The skill invokes runcomfy run google/nano-banana-2/text-to-image with a JSON body matching the schema. The CLI POSTs to https://model-api.runcomfy.net/v1/models/google/nano-banana-2/text-to-image, polls the request, fetches the result, and downloads any .runcomfy.net/.runcomfy.com URL into --output-dir. Ctrl-C cancels the remote request before exit.

Security & Privacy

  • Token storage: runcomfy login writes the API token to ~/.config/runcomfy/token.json with mode 0600 (owner-only read/write). Set RUNCOMFY_TOKEN env var to bypass the file entirely in CI / containers.
  • Input boundary: the user prompt is passed as a JSON string to the CLI via --input.
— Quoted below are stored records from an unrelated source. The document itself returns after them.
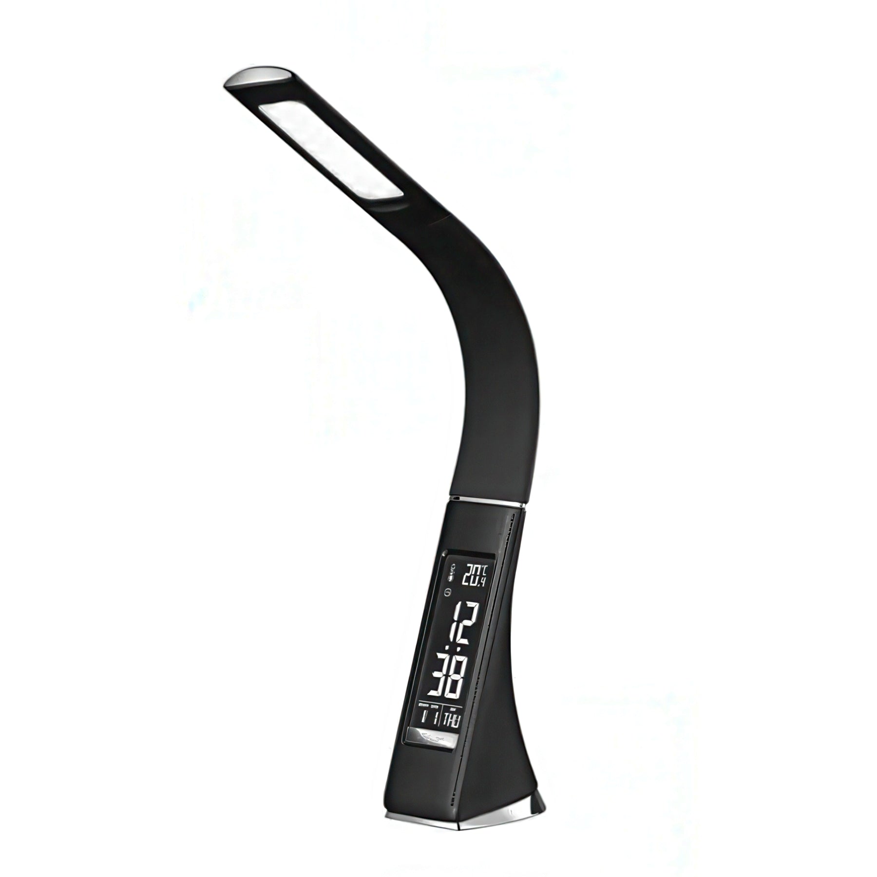 Brighten your workspace with this all-in-one Eye Protection Desk Lampâa joyful blend of function and style! Featuring flicker-free lighting that cares for your eyes during long study or work sessions, this lamp delivers comfortable, strain-free illumination. Stay organized with the built-in digital clock, calendar, and temperature display right at your fingertips. The flexible silicone goose neck arm bends and adjusts to your perfect angle, while a backup battery keeps your settings safe during power outages. Ideal for students, professionals, and anyone seeking a desk companion that works as hard as they do.
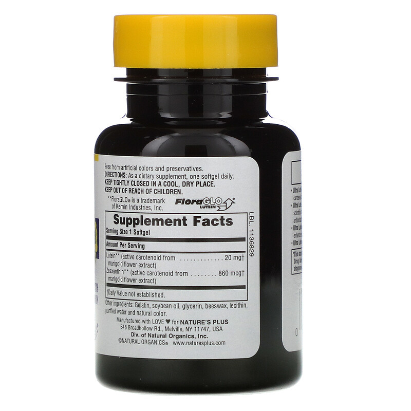 Nature's Plus представляет непревзойденную питательную поддержку для здоровья глаз: Ultra Lutein максимальной силы. Активные ингредиенты Ultra Lutein лютеин и зеаксантин совместно образуют антиоксидантную защиту, помогающую укрепить здоровье глаз. Содержащийся в Ultra Lutein лютеин FloraGLO представляет собой активный каротиноид из концентрированного экстракта календулы, созданного путем эксклюзивного патентованного процесса очистки. Хотя лютеин содержится во множестве распространенных продуктов, большинство взрослых не получают его достаточное количество из обычного рациона. Научные исследования показывают, что 20 мг лютеина — минимально необходимое количество для эффективной поддержки здоровья глаз у взрослых. Каждая мягкая желатиновая капсула Ultra Lutein содержит в точности 20 мг лютеина FloraGLO. Ultra Lutein дополнительно содержит кофактор зеаксантин, который также выводится из календулы и синергетически дополняет натуральные антиоксидантные свойства лютеина.
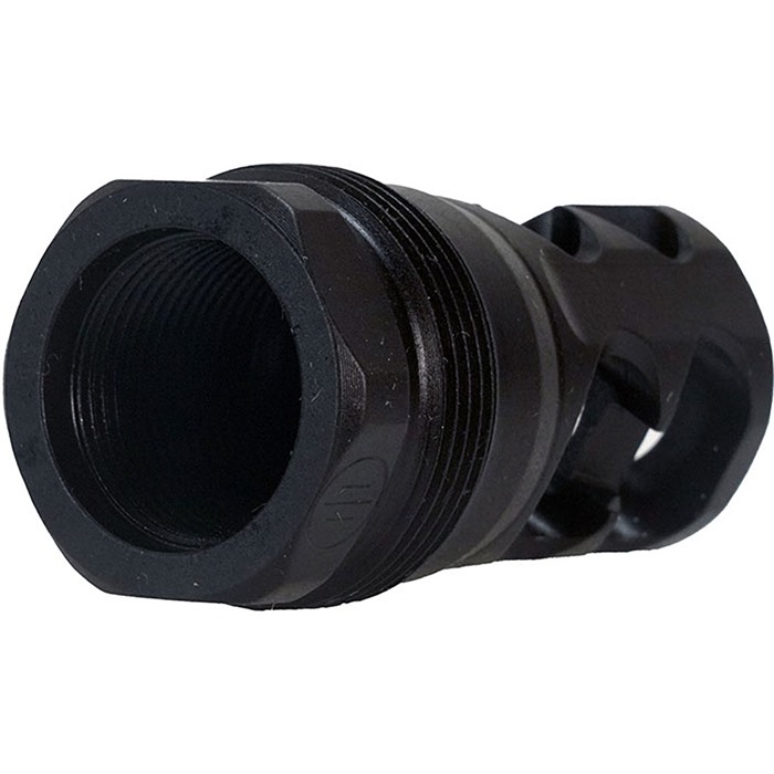 Elevate your shooting experience with the cutting-edge PWS FRC square compensator, designed to be a suppressor host for the Rearden Atlas suppressor mounting system, accommodating popular suppressors like the BDE 762. Crafted with precision and innovation, this compensator stands as a premier selection for a diverse range of shooting scenarios. The PWS FRC compensator sets itself apart by prioritizing recoil reduction as its primary function while simultaneously excelling at flash suppression. Its distinctive 2-port design skillfully redirects flash away from optics and the line of sight, ensuring an unobstructed view and minimizing overpressure. When paired with suppressors, the FRC boasts a tight lockup and maintains it through hard shooting cycles. Mounted precisely, the FRC becomes a crucial component in your rifle's comprehensive recoil management system. By effectively mitigating recoil and muzzle rise, this compensator enables swift follow-up shots, ultimately delivering improved shooter control and accuracy. Choosing the PWS FRC provides the best of both worlds—superior recoil management and effective flash suppression—making it an indispensable asset for any shooter looking to enhance their shooting prowess and overall experience on the range or in the field. Select between flat shouldered option, for traditional rifle barrels, or tapered shoulder, for barrels with a tapered shoulder behind the muzzle threads.
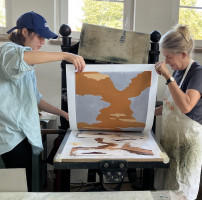 Auftrag wasserbasierter Farbe mittels Pinsel auf den Druckstock, Verreiben der Farbe mit Bürsten, Drucken im Handabzug mit einem japanischen Abreiber (Baren) auf angefeuchtetes Papier – dieser Kurs vermittelt die handwerklichen Grundlagen der Technik des japanischen Farbholzschnittes. Ausgehend von einer einfachen Bildidee, wird diese mit maximal 3 Platten umgesetzt. Beim Druck können verschiedene Japanpapiere ausprobiert werden.
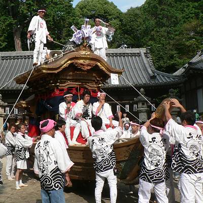 境内中央でまず拝殿へ向かって地車後方を持ち上げ礼をして
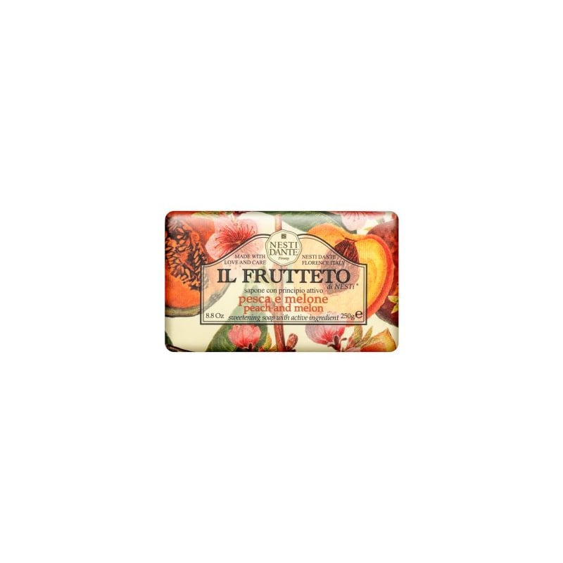 Nesti Dante Il Frutetto mýdlo Peach & Melon 250 g přináší do vaší koupelny osvěžující zážitek z italské péče. Toto luxusní mýdlo, vyrobené z přírodních ingrediencí, kombinuje jemnost broskve a revitalizující sílu melounu. Jeho unikátní složení respektuje přirozenou rovnováhu pokožky, čímž zajišťuje hydrataci a výživu. Mýdlo je ideální pro každodenní použití, ať už po náročném dni nebo po sportu. Vhodné pro všechny typy pleti, zanechává pokožku hebkou a svěží. Dopřejte si chvíli relaxace s tímto elegantním mýdlem, které spojuje tradici a kvalitu.
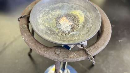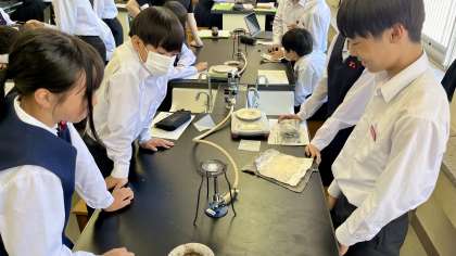 2年4組の理科は、第2理科室で、「金属を熱したときの質量の変化」を調べる実験をしていました。
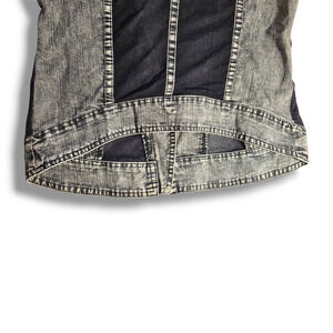 EUC VTG Eand Queen Distressed Mesh Panel Asymmetrical Jacket Sz. S [4-6] Gray Black Acid Wash
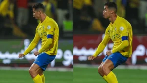 Ronaldo បានស៊ុតបញ្ចូលទីគ្រាប់បាល់នាំមុខសម្រាប់ Al-Nassr តាមរយៈបាល់ប៉េណាល់ទី ដោយដំបូងតារាសញ្ជាតិព័រទុយហ្គាល់រូបនេះបានអបអរគ្រាប់បាល់តាមស្ទីលធម្មតារបស់គាត់ មុនពេលដែលអ្នកគាំទ្រម្ចាស់ផ្ទះស្រែកឈ្មោះ Lionel Messi មិនឈប់ឈរ។ ជាលទ្ធផល Cristiano បានយកដៃដាក់ក្បែរត្រចៀក ដើម្បីជាការឌឺដងទៅកាន់អ្នកគាំទ្ររបស់ Al-Shabab មុនបញ្ចេញកាយវិការមិនសមរម្យ។
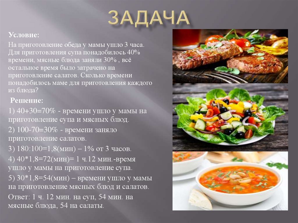 Условие:На приготовление обеда у мамы ушло 3 часа.
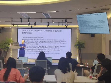 本次讲座从应用语言学对跨文化交际研究的理解,回答了语言学习和教学中的文化存在于何处?语言、身份和文化之间如何相互作用并产生影响以及跨文化交际研究如何为不平等和社会公正议程做贡献相关的三个问题。祝华教授着重指出,跨文化交际的未来方向可以向transculturality发展,了解语言、身份以及文化之间是如何相互联系和影响的。祝华教授指出英语教学中的文化转向始于19世纪90年代,现阶段语言教学中的跨文化交际,强调语言学习是一个超语和文化理解及转换的过程。跨文化性正在从将文化身份视为被给予,转化为文化身份取决于人们自身的互动,取决于参与者如何通过自我取向和他人归属的相互作用以及语言使用和身份的相互作用来形成自身的文化身份。同时,祝华教授紧跟科技前沿,,将跨文化与ChatGBT相联系,以向ChatGBT提问,表明了虽然openAI已经尽可能地在文化上中立和尊重,但它可能并不总是抓住不同文化观点的复杂性,进一步指出了如何在合理使用人工智能的基础上,进行跨文化交际。

The CLI does NOT shell-expand the prompt; it transmits the JSON body directly to the Model API over HTTPS. No shell injection surface from prompt content.
  • Third-party content: image / mask / video URLs you pass are fetched by the RunComfy model server, not by the CLI on your machine. Treat external URLs as untrusted; image-based prompt injection is a known risk for any image-edit / video-edit model.
  • Outbound endpoints: only model-api.runcomfy.net (request submission) and *.runcomfy.net / *.runcomfy.com (download whitelist for generated outputs). No telemetry, no callbacks.
  • Generated-file size cap: the CLI aborts any single download > 2 GiB to prevent disk-fill from a malicious or runaway model output.